Ionic glutamate receptors in differentiated neural stem cells. (A) NSCs were grown only with EGF (20 ng/ml) for 3P in vitro and then differentiated in NB media plus B27 supplement for 5 d (without H-IL-6) as described in Materials and Methods. No ionic glutamate receptors were detected in these control-differentiated NSCs (n = 8). (B) NSCs were grown with EGF (20 ng/ml) in the presence of H-IL-6 (100 ng/ml) for 3P in vitro and then differentiated in the presence of H-IL-6 for 5 d as described in Materials and Methods. In H-IL-6–differentiated neural stem cells, glutamic acid-activated ionic receptors (non-NMDA receptors) were detected (n = 8). (C) H-IL-6–differentiated cells from B were further analyzed. The activation current was with AMPA characteristics as the selective noncompetitive AMPA antagonist GYKI-52466 could completely inhibit the AMPA-receptor-agonist–mediated effect. The membrane potential was held at −70 mV. The short dashed line indicates the baseline of zero current (n = 7). (D) Currents activated by NMDA in H-IL-6–differentiated cells from B were very small, 10 pA only. The short dashed line is the membrane potential. The bold lines indicate the addition of 200 μM NMDA plus 20 μM glycine or the addition of 200 μM AMPA. (E) The current voltage (I-V) relationships of NMDA and AMPA receptor channels of H-IL-6–differentiated cells from B.
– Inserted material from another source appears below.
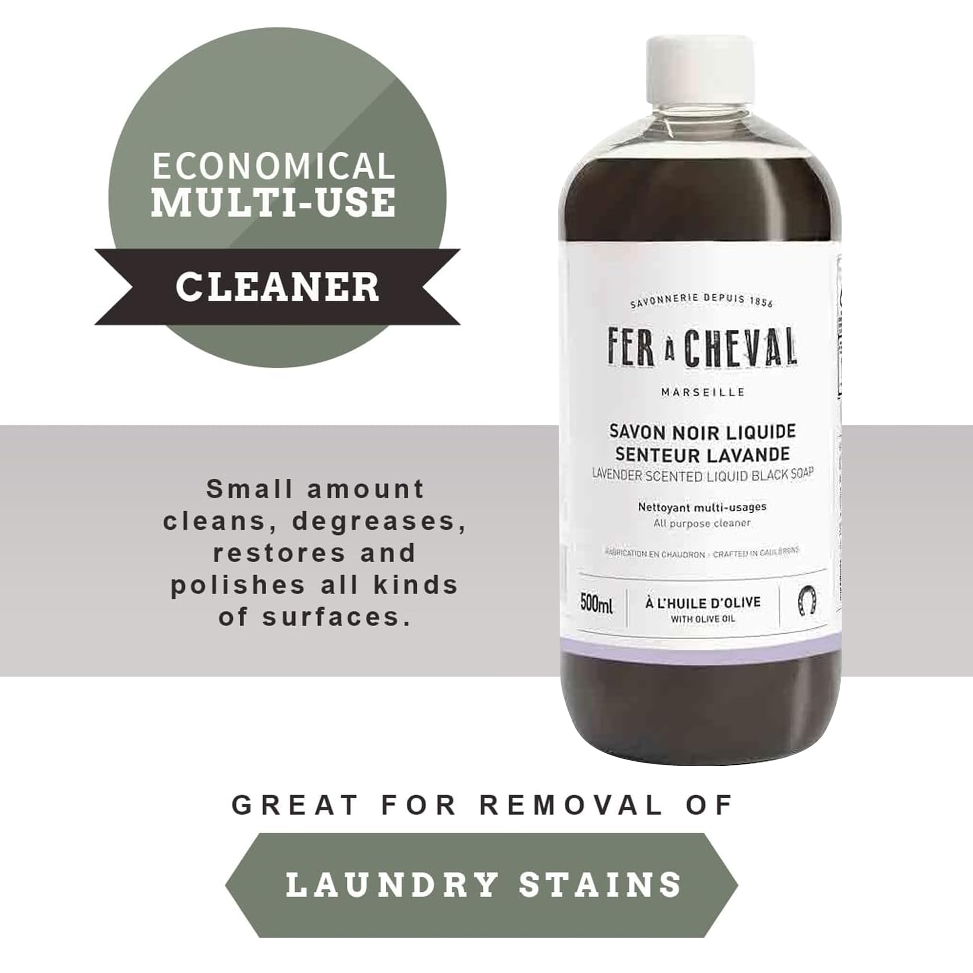 Fer à Cheval Liquid Black Soap Lavender Scent – 10 Pack, 500 ml/16.9 fl oz Bottles | Natural French Multi-Surface Cleaner with Olive Oil | Aromatic All-Purpose Household Soap

IL-6—and depending on the presence of its soluble IL-6R—induces neural stem cells (NSCs) differentiation into astrocytes [via glia progenitor cells (GPC), pathway indicated by green arrows] and neurons [via neuronal progenitor cells (NPC), pathway indicated by red arrows]. During neurodegenerative processes apoptotic neurons release sIL-6R (purple receptor symbols) by shedding, whereas activated astrocytes release IL-6 (red circle). Via trans-signaling they can act on NSCs, which express (as GPCs and NPCs) very low or no IL-6 receptors but the common signaling receptor subunit gp130 (shown as green receptor-dimer symbols) that is used by all members of the IL-6-receptor family (Taga and Kishimoto, 1997; Heinrich et al., 2003). Although EGF and bFGF maintain NSCs' self-renewal, the IL-6–sIL-6R complex overrides those activities mediating NSCs differentiation. In contrast, classical neurotrophic factors such as NGF, BDNF, or NT-3 are unable to overcome EGF signaling. Increased gp130 expression on NSCs/NPCs and IL-6R-NGFR/TRKA (blue receptor symbols) transactivation by IL-6R/gp130 (white dotted line) enhances neuronal differentiation. Differentiated neurons express then various neurotrophic factors for their survival and proper functioning. Inhibiting the glia-differentiation pathway by, for instance, p-STAT-inhibitors (inhibition of nuclear transcription factor activity of p-STATs but not complete down-regulation of their expression) may turn H-IL-6 into an interesting potential therapeutic factor, acting on the MAPK/CREB signaling pathway, for the treatment of neurodegenerative diseases.